Sezione della turbina eolica che mostra Moog Pitch System 3 in funzione. Sezione della turbina eolica che mostra Moog Pitch System 3 in funzione.

Applicato di recente a una centrale eolica in Brasile, anche grazie a un’architettura semplificata il sistema di controllo Pitch System 3 di Moog ha dimostrato di riuscire a ridurre i guasti e il downtime causati da sistemi del passo complessi. Operatori delle centrali eoliche e OEM possono così incrementare la produttività ed essere più competitivi in un settore di mercato particolarmente sfidante come quello energetico.

di Sergio Soriano

Dicembre 2016

Pitch System 3 è una tecnologia per il controllo del passo di nuova generazione sviluppata dallo specialista statunitense Moog, azienda attiva nel campo della progettazione, produzione e integrazione di componenti e sistemi per il controllo di precisione. L’innovativa soluzione è stata lanciata sul mercato - ed è disponibile ai produttori di turbine in Europa ed Asia a dallo scorso ottobre - con l’obiettivo di soddisfare la crescente esigenza degli operatori dei parchi eolici e dei produttori di turbine di ridurre gli investimenti in conto capitale e i costi operativi e di gestione delle centrali eoliche (Capex e Opex). I sistemi di controllo del passo, infatti, monitorano e regolano l’angolo delle pale delle turbine eoliche, proteggendo così la turbina dalle avverse condizioni del vento.

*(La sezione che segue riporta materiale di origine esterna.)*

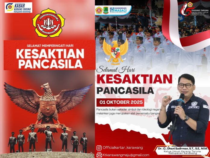 “Semangat Pancasila harus terus menyala dalam jiwa kita semua! Selamat Hari Kesaktian Pancasila, 1 Oktober 2025. Mari kita jadikan momentum ini untuk memperkuat komitmen kita sebagai generasi muda yang tangguh dan peduli terhadap bangsa.” ungkap Ketua Umum Karang Taruna Kab. Karawang. Dhani Sudirman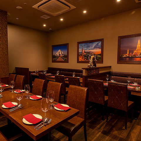 ふかふかのソファ席はゆったりと腰を沈めて寛げる人気の空間です。柔らかな照明と落ち着いた雰囲気が、普段の食事をより特別な時間へと変えてくれます。デートや女子会はもちろん、大切な人との記念日にもぴったり。会話を楽しみながら本格アジアン料理や多彩なドリンクを味わえば、心地よい贅沢さを感じられるひとときをお過ごしいただけます。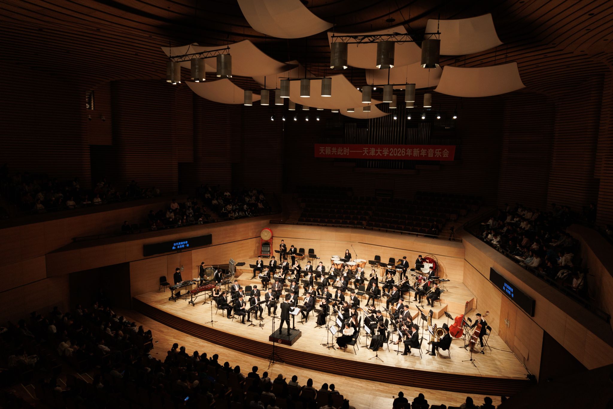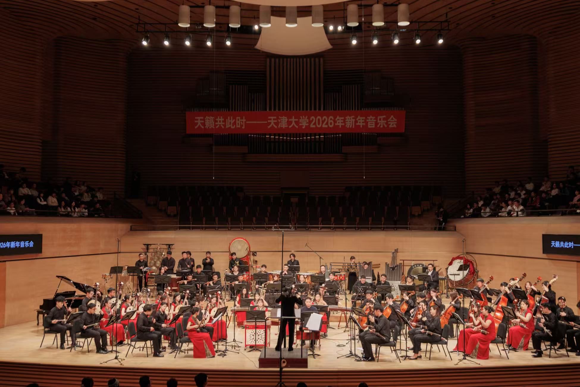 哪位国家级指挥“空降”舞台?耳熟能详的“大阅兵曲”会激起何等震撼的共鸣?上千名观众如何用一只拨浪鼓化身“演员”,奏响壮阔的黄河乐章?12月22日晚,“天籁共此时——天津大学2026年新年音乐会”在天津大剧院奏响。天津大学北洋军乐团与北洋民族管弦乐团联袂献艺,以中西合璧、气势恢宏的音乐盛宴,为师生校友和社会各界观众送上了一份充满家国深情的新年贺礼。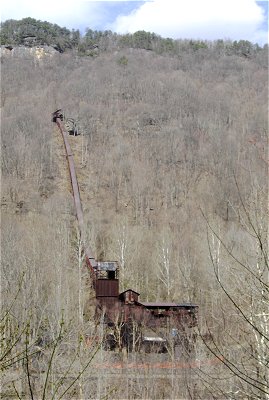 The button line conveyor running up the mountain to the drift portal. Like the tipple it too will probably see some restoration/stabilization.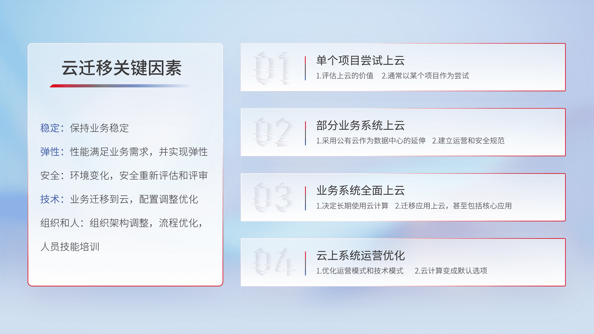 结合实际业务,,,从规划设计、、云平台选型、、云原生改造、、、、数据迁移、、集成交付,,,,迁移全过程为客户识别最佳上云路径,,,,做好风险识别管理,,,,设计网络架构、、、身份权限、、、、安全审计合规、、、操作审计、、、日志审计、、监控告警策略、、、、多站点容灾设计等,,,对云上基础设施进行整体规划,,,提升IT治理水平,,以满足弹性、、、、高可用、、、、高性能的需求。。。。
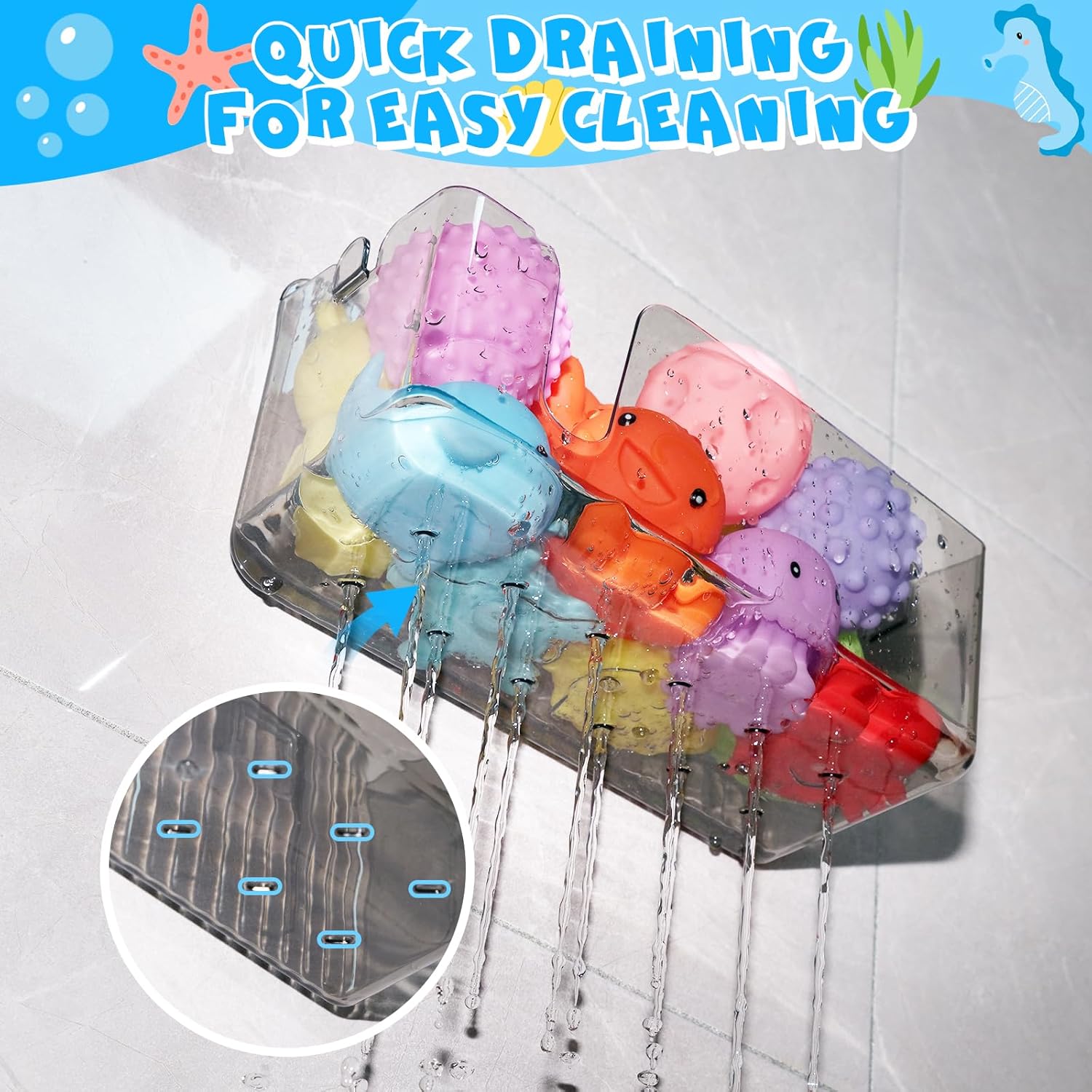 2-Pack Clear Bath Toy Storage Holder Organizer, Large Capacity Durable Plastic Bathtub Shower Caddy with Drain Holes, Quick-Dry Drainable Easy Install(Transparent Gray 2-Pack)

Ridurre il costo di produzione costante di energia (LCoE)
In occasione di WindEnergy, rassegna di riferimento nell’ambito dell’energia eolica che si è tenuta ad Amburgo alla fine di settembre, Moog ha presentato i risultati dell’applicazione del Pitch System 3 in una centrale eolica in Brasile. La struttura del nuovo sistema del passo è in grado di ridurre il Levelized Cost of Energy (LCoE), ovvero il costo di produzione costante di energia, calcolato sull’intera vita operativa dell’impianto, incrementando al contempo l’affidabilità delle turbine eoliche, a favore di tempi di fermo minimi.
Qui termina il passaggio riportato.